Né le 28 octobre 1944 dans le XIVe arrondissement de Paris, l’humoriste et acteur aurait eu 80 ans aujourd’hui. Issu d’un milieu ouvrier, il avait coutume de dire « Je ne suis pas un nouveau riche, je suis un ancien pauvre » quand on l’interrogeait sur sa fortune. Généreux, il faisait profiter de son argent sa famille, ses amis et pas mal de parasites invités dans sa maison parisienne de la rue Gazan ou celle de Deshaies, en Guadeloupe. Il donnera également 1,5 million de francs (365 000 euros) à l’abbé Pierre pour son mouvement Emmaüs. D’ailleurs, sa célèbre salopette bleue et blanche venait de ce dernier.

Mais Coluche était un piètre gestionnaire et, à sa mort, il laissa de grosses dettes fiscales. Dans un entretien, accordé au journal Le Monde, en août 1984, il s’en expliquait. « L’argent, on n’en a jamais assez. Je suis célibataire, officiellement sans charges, et je paie 78 % d’impôts. Sur 1 milliard (de centimes), il reste 200 briques. Ce n’est pas rien, d’accord, mais tout le monde ne les gagne pas, et on ne peut pas s’arrêter parce qu’on est en dettes. Les 78 %, on les paie l’année d’après, et si pendant ce temps j’écris et je me fais 150 briques, je n’ai même pas de quoi commencer à payer mes impôts précédents. »

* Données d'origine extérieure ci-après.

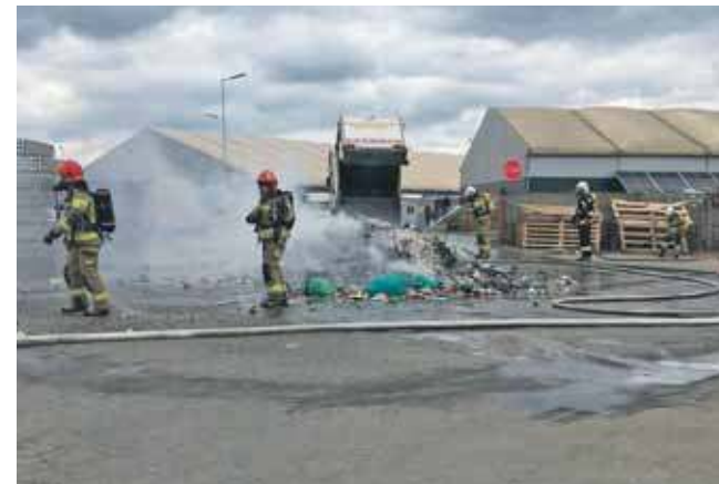
Zimną krwią wykazał się kierowca śmieciarki z Remondisa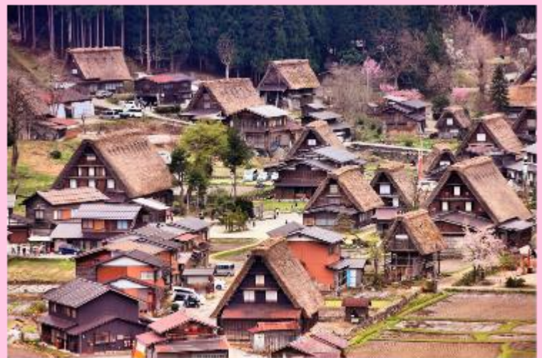
รูปใช้เพื่อประกอบการโฆษณาเท่านั้น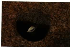
1次調査区SP1032遺物出土状況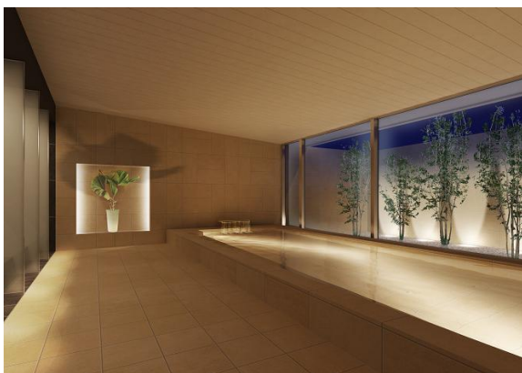
「ガーデン浴場」完成予想CG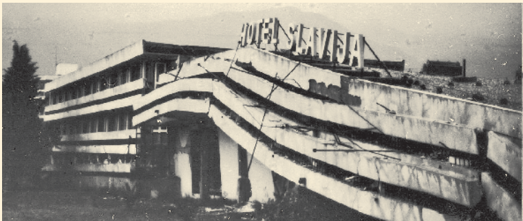
Zerstörung in Budva durch das verheerende Erdbeben

Der Tourismus, der wichtigste Wirtschaftszweig Montenegros, brach ein. Die Besucherzahlen gingen um 70 Prozent zurück, die Einnahmen schrumpften von vormals 80 Millionen Dollar auf 15 Millionen Dollar im Katastrophenjahr. Viele Fabrikgebäude waren zerstört, 30 000 Beschäftigte ohne Arbeitsplatz. Die Menschen wurden in Zelten untergebracht und mit dem Nötigsten versorgt. Zahlreiche Nachbeben sorgten für Angst und Schrecken. Als Konsequenz aus der Katastrophe verfügten die Behörden, dass alle neuen Gebäude erdbebensicher gebaut werden müssen. Das ist dringend geboten ist, denn die Küste Montenegros befindet sich auf tektonisch schwierigem Gebiet – hier stoßen gleich mehrere Platten zusammen –, und Wissenschaftler haben errechnet, dass Montenegro etwa alle 70 Jahre von einem größeren Erdbeben heimgesucht wird.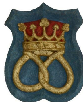
Znak cechu pekařů v Mostě v kostele Nanebevzetí Panny Marie.

Pekaři ve středověku patřili vedle řezníků mezi nejbohatší řemeslníky, jejich činnost byla ale už od 14. století také předmětem úřední kontroly. Koš na potápění nepoctivých pekařů do řeky byl z Karlova mostu odstraněn až roku 1688.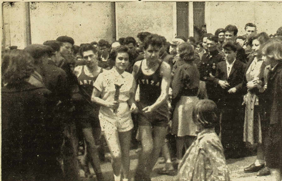
Sa dočeka štafete naroda Hrvatske

L’ex-femme de Coluche avait cédé des droits

Après sa mort, ses enfants, Romain et Marius Colucci, ont donc refusé sa succession, pour ne pas avoir à éponger ces dettes. Au début des années 1990, ils se sont ravisés et ont accepté l’héritage. Ils se sont alors retrouvés en conflit ouvert avec Paul Lederman, le producteur historique de leur géniteur. En 1998, ils l’assignent en justice au sujet des redevances de droits d’auteur attachés à l’exploitation des enregistrements phonographiques de Coluche.

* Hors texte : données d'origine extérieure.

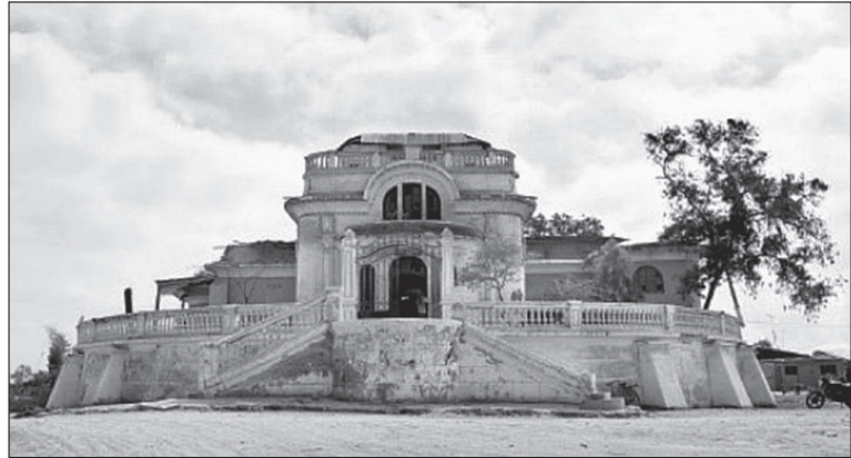
5. kép. La Viña hacienda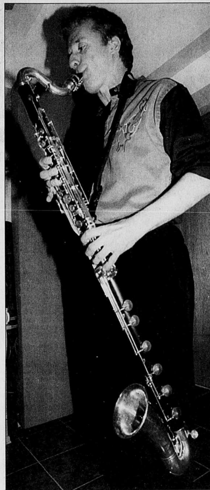
Robert Marcel Lepage se produira demain et jeudi au théâtre La Chapelle.

Cette fois, c'est tout à fait officiellement qu'Isaac Stern séjourne dans le pays de l'horreur nazie et de l'Holocauste. Avant de prendre jeudi prochain la direction de son atelier de musique de chambre à Cologne, il effectue depuis hier dernier un pèlerinage musical à Berlin, Dresde, Leipzig et Bonn, «les villes où Bach, Beethoven et Mendelssohn ont vécu, travaillé et aimé, des compositeurs qui, de tous temps, ont été partie intégrante de ma vie».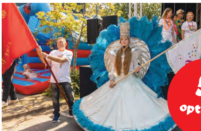
Pladsen blev væltet af A Bandas festlig indmarch med Rør & Bliks fane forrest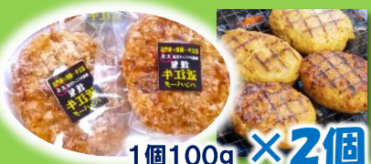
1個100g × 2個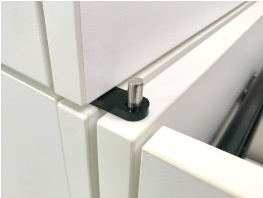
clevere Steckverbindung für werkzeuglose Montage/Demontage

De son vivant, et depuis son décès, le comique aurait vendu plus de cinq millions de disques vinyle et CD reprenant ses cinq spectacles en solo. En 1988, Véronique Kantor, son épouse de 1975 à 1981 et la mère de ses fils, avait cédé les droits sur ses enregistrements à Paul Lederman, moyennant une contrepartie financière.

La plainte des enfants concerne les redevances dues sur les enregistrements de 31 sketchs réalisés avant et après le divorce de Coluche et de leur mère. Le contentieux se cristallise notamment autour du disque, Enregistrement public volume 2, enregistré selon eux avant le mariage de leur mère avec Coluche.

Après des années de négociations, de non-lieux et de reports, Romain et Marius obtiennent gain de cause. En février 2010, leur adversaire est condamné par un tribunal de grande instance de Paris à leur verser 1,1 million d’euros. Ils réclamaient près de 2,5 millions d’euros. M. Lederman fait appel de cette décision. Parallèlement à cette procédure civile, une information est ouverte après une plainte des Colucci contre Lederman pour « faux et usage » et « tentative d’escroquerie au jugement« .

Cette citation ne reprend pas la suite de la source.